A half truth is a whole lie. I’m not judging her, but I believe it was a lie, but I understand why she did it.
It sounds like she wasn’t going to have sex with him anyway, due to being swamped at work, so I don’t feel it was a lie. If they are newly dating and she doesn’t yet feel comfortable discussing a potentially embarrassing, private health matter, that’s perfectly understandable and she found a tactful way to avoid the subject.
However, I feel like there should be a point in a romantic relationship where the two people feel comfortable enough with each other to discuss these kinds of things. If they aren’t newly dating, say they’ve been together for enough time where she should feel comfortable divulging a yeast infection, then that’s a bit weird and more along the ‘lie of omission’ line. I personally would feel a teeny bit hurt that she didn’t tell me the full truth. Still, I feel like the work would have kept her from sex anyway, so it’s not like she lied to get out of it or anything.
I know I’m not a guy, but when I’m in a relationship with a woman, I care about her and her health is my business, you know? If there’s something going on, I would like to know, so I can support her, help her deal with it, or even just be understanding. It’s admittedly a bit different when you have two girls in a relationship and I like that. The ones I’ve dated have been easy to talk to about various health issues and it’s really, really nice to have someone who understands the various female conditions that get in the way of sex and other things.
When I was a kid I remember my father telling me that there were white lies and there were black lies. White lies were those that didn’t cause any harm, and on the contrary were often told to spare someone’s feelings.
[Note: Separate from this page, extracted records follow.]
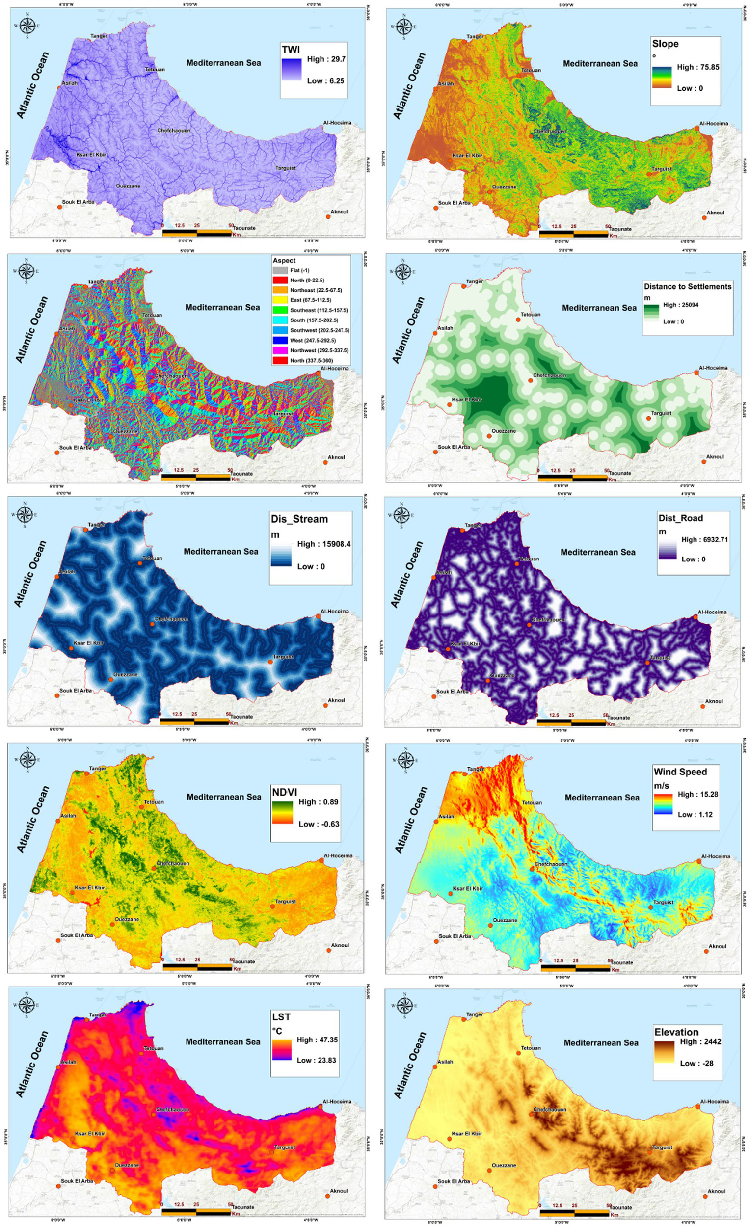 In this study, a combination of environmental, topographic, climatic, and anthropogenic conditioning factors was integrated (Tables 1; Figure 3), as illustrated in the methodological framework (Figure 4). These factors, including aspect, elevation, slope, topographic wetness index (TWI), land surface temperature (LST), wind speed, vegetation indices (NDVI), and proximity indicators (roads, settlements, and water bodies), were selected due to their established influence on fire ignition, spread, and severity (Michael et al., 2021; Singha et al., 2024; Ahmad et al., 2025). Table 2 summarizes the conditioning factors, their effects on wildfire behavior, and the supporting literature.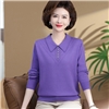 中老年女装时尚翻领春季毛衣针织衫大码宽松翻领妈妈装纯色上衣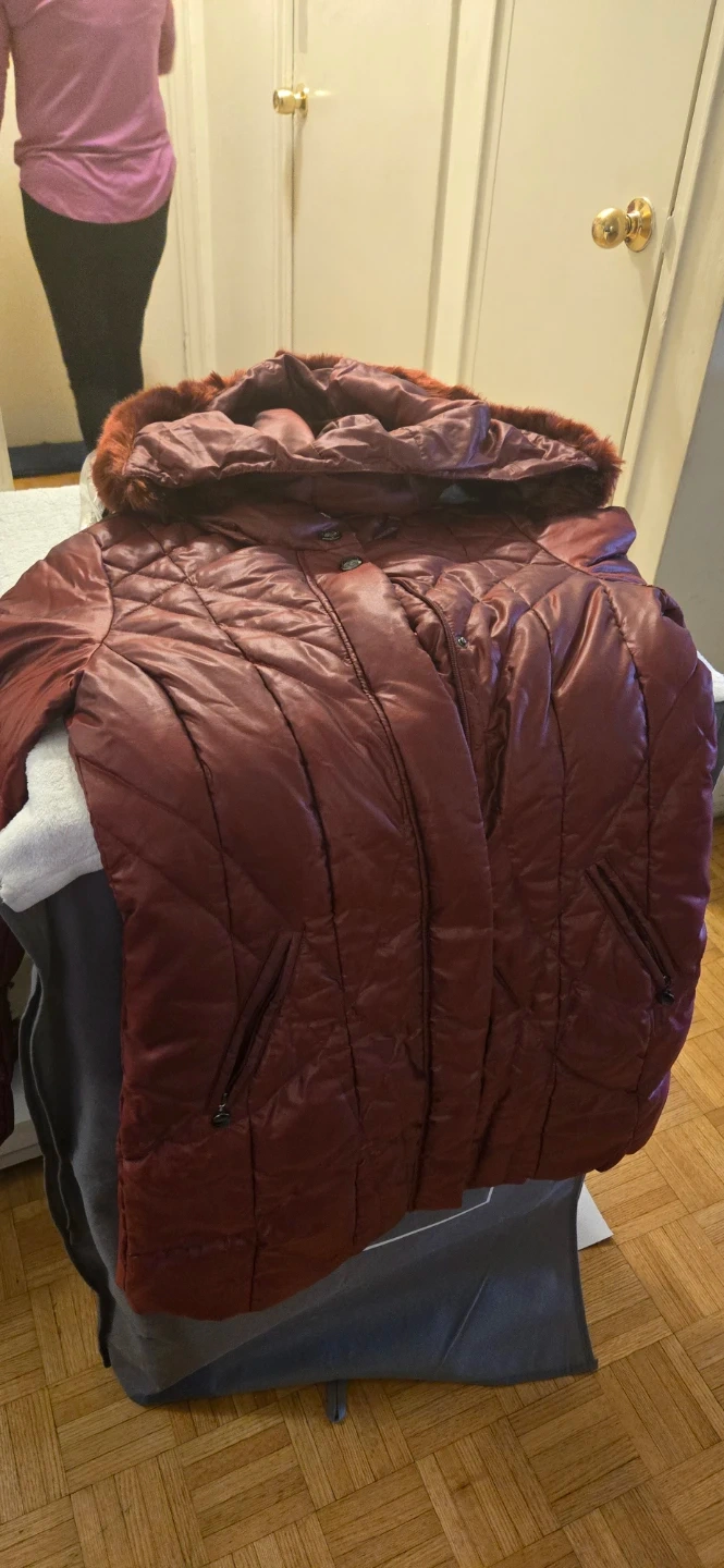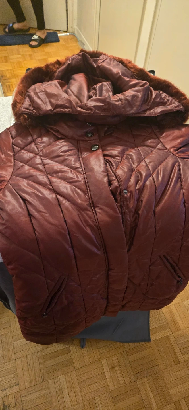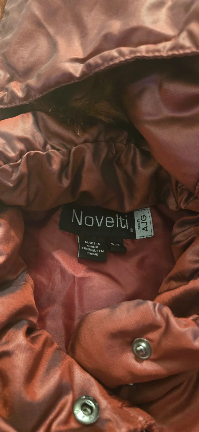 Here's a burgundy puffer jacket from Novelti! It's in good condition and features a faux fur hood. Perfect for staying warm during the colder months!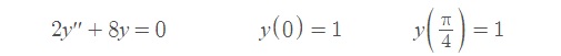 Luego tenemos las dos condiciones iniciales: 1) y(0) = 1, y 2) y(π/4) = 1.

Your untruth would fall into this category.
Personally, I would like to be told about the yeast infection. If you are intimate enough to be having sex you are intimate enough to be told such things.
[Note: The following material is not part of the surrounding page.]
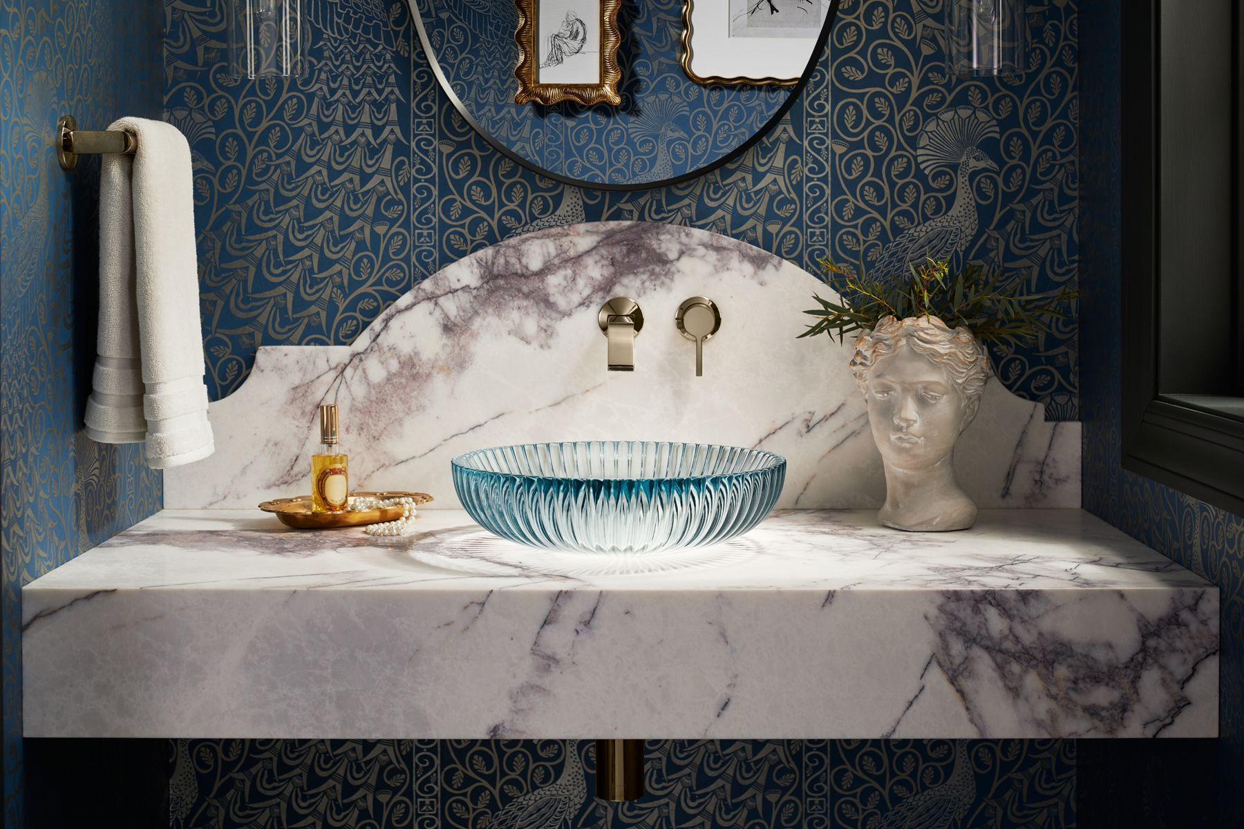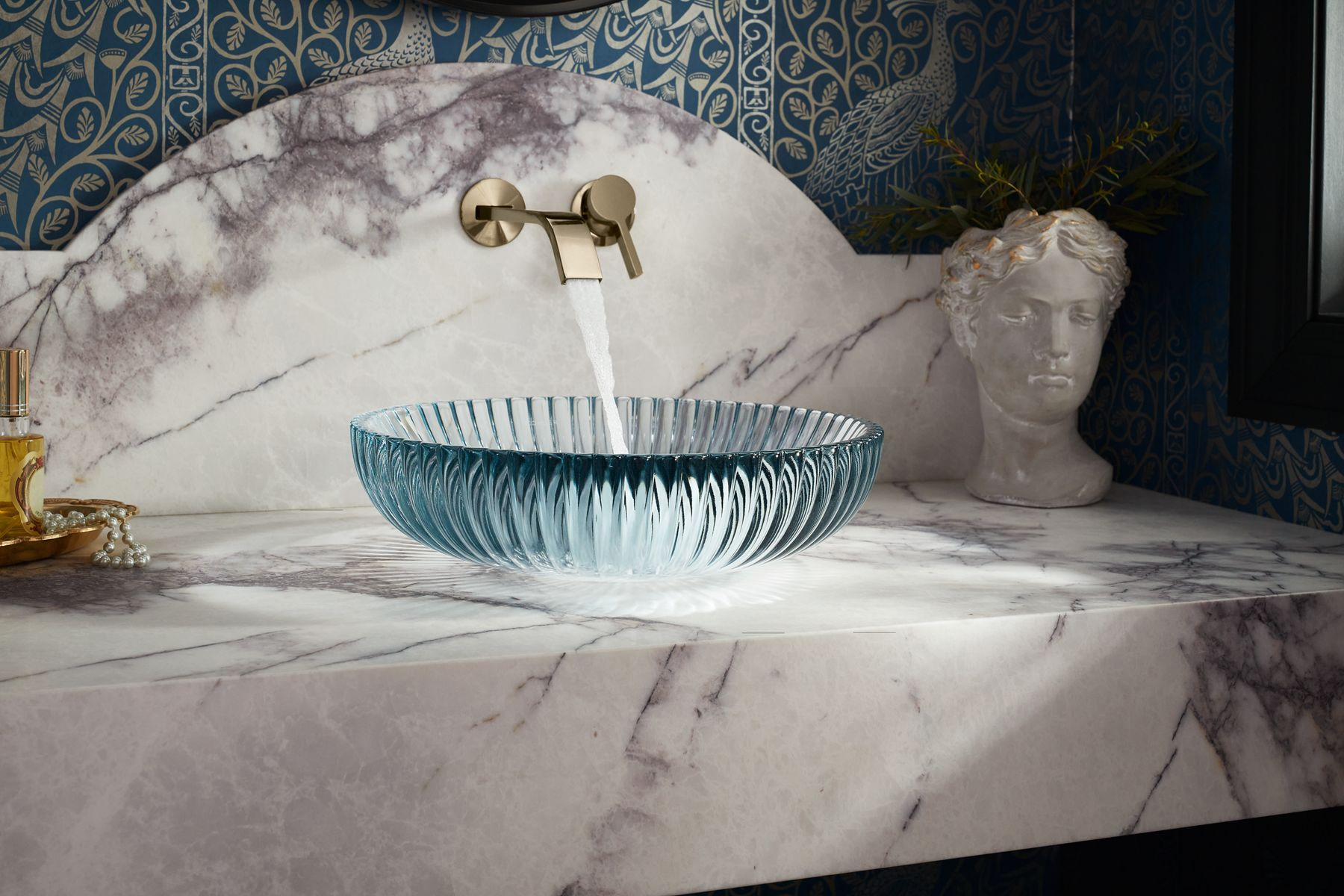 Like the coupe Champagne glass that inspired its design, the Salute vessel sink makes a statement—celebrating handcrafted artisan authenticity, elegance, and function in the bathroom space. Petite in size, this 15 vessel sink is ideal for small spaces, with an impression extending well beyond its stature. Vintage-style ribbing adorns the basin's exterior, creating unique radial reflections on the surrounding countertop, while a scalloped rim adds a glamorous finishing touch. Cheers to this unique and spectacular bathroom centerpiece.

What’s the big deal? It’s a yeast infection. Is there any reason to be ashamed? Just tell the real reason. No need to prevaricate.
I don’t think it’s a lie. It’s just a prevarication. I would not feel lied to. It would be completely understandable, although I’d explain it really wasn’t necessary. I can handle it.
It is a lie. Not a white lie. Maybe a gray lie. In most situations the truth is better.
It’s not a horrid kind of lie. For some people who are comfortable having casual sex with people they don’t know well then this is probably really commonplace.
Oh hey…a guy can catch a yeast infection, and give it right back to you. I always tell if I am communicable, if it applies.
Truth is earned. He obviously hadn’t earned that degree of truth from her yet. He only earned the right to know whatever truth she shared with him. Accusing her of lying is a poor attempt to cover the fact that he hadn’t earn her truth.
When I was working at a doctor’s office, we had a patient who got a yeast infection. Her boyfriend refused to believe yeast infections happen naturally, and thought it was only transmitted through sex. So he thought she cheated on him. So maybe that’s what he’s thinking, and in that case, he needs to learn the truth.